Virginia governor Abigail Spanberger has signed four bills into law that will add 625MW of new community solar capacity by 2028.
Why it matters: Regulatory shifts toward community solar mean your sales team needs to pivot from single-home pitches to multi-tenant asset management immediately.
The US Model Is Flawed, But Useful
While Virginia celebrates a modest 625MW legislative win, European project developers should look closer. The US obsession with 'community solar' often hides a graveyard of interconnection delays and utility-scale lobbying that would make a German Netzbetreiber blush. However, the mechanism here—mandated capacity targets—is exactly what we’re missing in fragmented markets like Italy or Poland.
Why This Isn't Just Another US Headline
For an installer in the Netherlands or a developer in Spain, this isn't about Virginia's grid. It’s about the shift from 'rooftop-only' to 'shared-asset' business models.

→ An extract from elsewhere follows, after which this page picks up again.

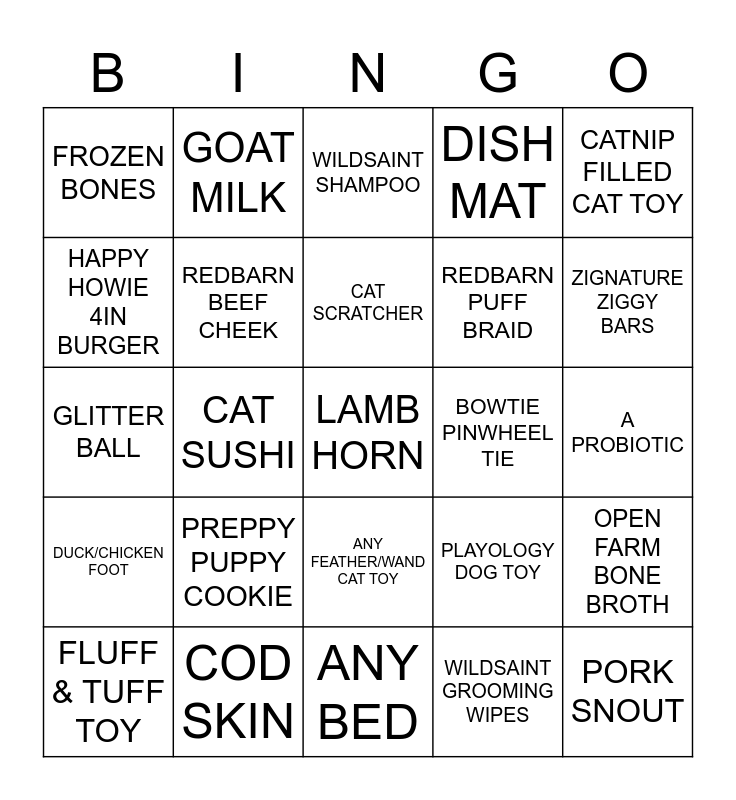 This bingo card has 25 words: DUCK/CHICKEN FOOT, COD SKIN, LAMB HORN, WILDSAINT GROOMING WIPES, CATNIP FILLED CAT TOY, FROZEN BONES, GOAT MILK, WILDSAINT SHAMPOO, BOWTIE PINWHEEL TIE, OPEN FARM BONE BROTH, HAPPY HOWIE 4IN BURGER, REDBARN BEEF CHEEK, ANY BED, PLAYOLOGY DOG TOY, ZIGNATURE ZIGGY BARS, FLUFF & TUFF TOY, CAT SUSHI, CAT SCRATCHER, REDBARN PUFF BRAID, A PROBIOTIC, GLITTER BALL, PREPPY PUPPY COOKIE, ANY FEATHER/WAND CAT TOY, DISH MAT and PORK SNOUT.
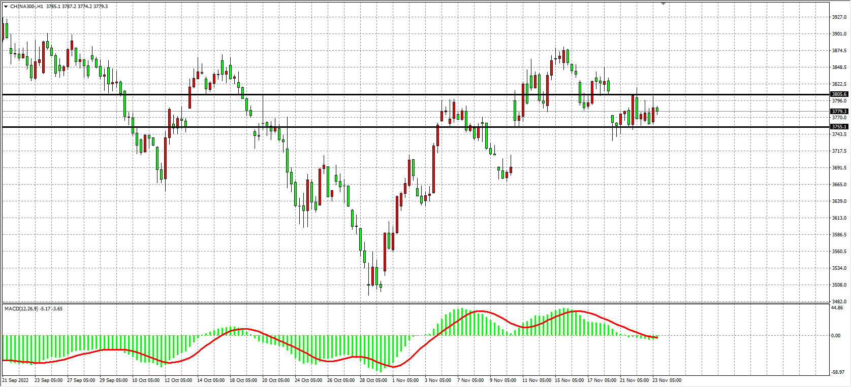 1小时图看,沪深300在回调3755后再度止跌,目前于3755-3800间形成盘整走势,MACD量能柱在零轴附近缩量,若上破3800目标上看3850-3900,跌破3755则下看3700-3600。

We are seeing a global convergence: regulators are realizing that if they don't solve the regulatory bottleneck for peer-to-peer or virtual net metering, the residential segment stalls as soon as the low-hanging fruit (easy-to-wire detached homes) is gone.
Don't be fooled by the 625MW number—it's tiny compared to the backlog in the EU. But watch the structure of these bills. If your local government starts mimicking this 'capacity-by-mandate' approach, the installers who win are those who have already digitized their customer acquisition to handle 100-member community portfolios, rather than single-home sales.